Meanwhile, during his incarceration, Cleveland repeatedly advised EBRPP officials of his complaints. From October 2 to October 5, 2014, he completed three medical request forms regarding his heart problems. (Doc. 45 at 6; Doc. 1 at 6.) On October 14, 2014, to no avail, he complained of headaches and his need for both surgery and a wheelchair. (Doc. 45 at 6; Doc. 1 at 6.) On October 16 and 17, 2014, Cleveland once more requested a wheelchair, as he could not otherwise "not get his medication." (Doc. 45 at 6; Doc. 1 at 6.) LeBlanc too echoed these concerns on October 17. (Doc. 45 at 6; Doc. 1 at 6.)
On October 19, 2014, Cleveland visited with an EBRPP nurse. (Doc. 45 at 7; Doc. 1 at 7.) Apparently, this nurse noted Cleveland's shortness of breath but did no more than place him on suicide watch due to his seemingly "bizarre and abnormal behavior." (Doc. 45 at 7; Doc. 1 at 7.) Seen by a nurse on October 20, 2014, for his chest pains, he again requested a wheelchair. (Doc. 45 at 7; Doc. 1 at 7.) Around that time, Cleveland's brother once more called to convey his family's increasing worries. (Doc. 45 at 7; Doc. 1 at 7.) On October 21, 2014, Grimes himself reached out to EBRPP's medical department, apparently questioning "why Cleveland was still in lockdown if he had been taken off of suicide watch." (Doc. 45 at 7; Doc. 1 at 7.) A "glitch in the paperwork" was blamed by the unnamed EBRPP official. (Doc. 45 at 7; Doc. 1 at 7.)
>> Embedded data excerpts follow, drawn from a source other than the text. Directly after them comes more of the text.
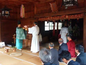 愛宕社の祭礼は13日の午後3時に慣例により、宮司なしで神社委員長が式典を実施しました。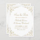 Den här vintage-inspirerade formella bröllop spara datum-kortet innehåller texten i guld färgad-skript och serif typsnitt, som är framtagen av ett känsligt vintage guld-motiv. Ram upprepas i motsatt riktning.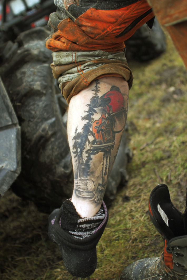Det är inte svårt att hitta den sista biten till skiftet där markägaren Martin Karlsson tillsammans med goda vänner håller till. Fyra högvarvande motorsågar och träd som dråsar i backen levererar en ljudbild av ihärdigt skogsarbete.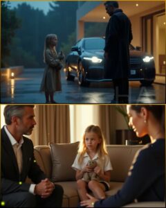 A sleek black car swept up the drive, slicing through the rain. Sophia froze, watching the figure behind the wheel. The man’s face, lit for an instant by lightning, looked carved from calm itself. Strong jaw, tired eyes. The kind of man who had never known hunger.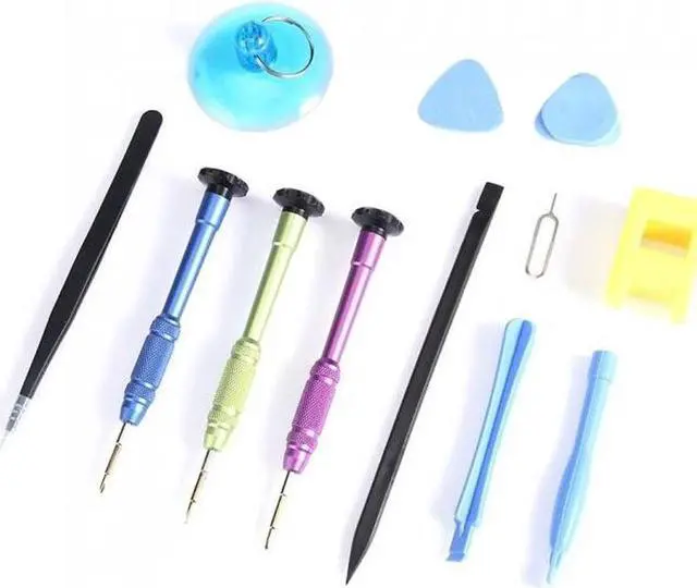 GeneralModel AS-102Quantity 1 setForm Color Light Blue + MulticolorMaterial Tool steel + plasticSpecificationScrew Head Type All-in-OneScrew Driver Y-type 0.6, cross 1.5, five-star 0.8.Dimensions & WeightDimensions 4.72 in x 0.67 in x 0.67 in (12 cm x 1.7 cm x 1.7 cm)Weight 3.88 oz (110 g) Product built-in: 3 screwdriver, 2 pry bar, two triangular pieces, a sucker, a take the needle, a double with a pry bar, a tweezers, a magnetizer.Material: Tool steel + plastic.Screwdriver specifications: Y-type 0.6, cross 1.5, five-star 0.8.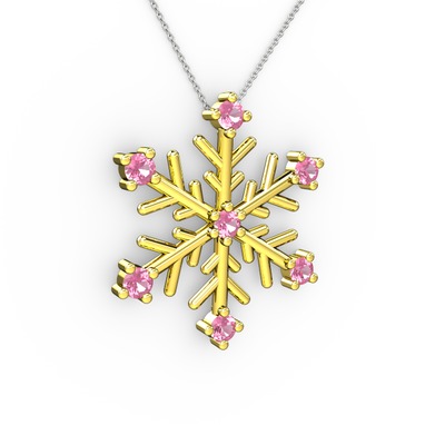 Pembe kuvars 925 ayar altın kaplama gümüş kolye (40 cm beyaz altın rolo zincir)

Subsequently, Cleveland's condition seemingly worsened, his complaints oft-conveyed to the employees of EBRPP and
Then, on November 10, 2014, Cleveland endured two separate medical emergencies. (Doc. 45 at 8; Doc. 1 at 8.) Rather than provide Cleveland with treatment, EBRPP confined him to "a single cell." (Doc. 45 at 9; Doc. 1 at 9.) Later that November day, Cleveland telephoned LeBlanc and "told her he was having a heart attack"; LeBlanc then called Grimes with this information. (Doc. 45 at 9; Doc. 1 at 9.) Thus, on November 11, 2014, LeBlanc spoke with one more employee of EBRPP's medical department. (Doc. 45 at 9; Doc. 1 at 9.) Though this official revealed that Cleveland's echocardiogram had been abnormal and though LeBlanc thereupon "begged" for her father's transfer to Our Lady of the Lake Regional Medical Center, Cleveland remained at EBRPP. (Doc. 45 at 9; Doc. 1 at 9.)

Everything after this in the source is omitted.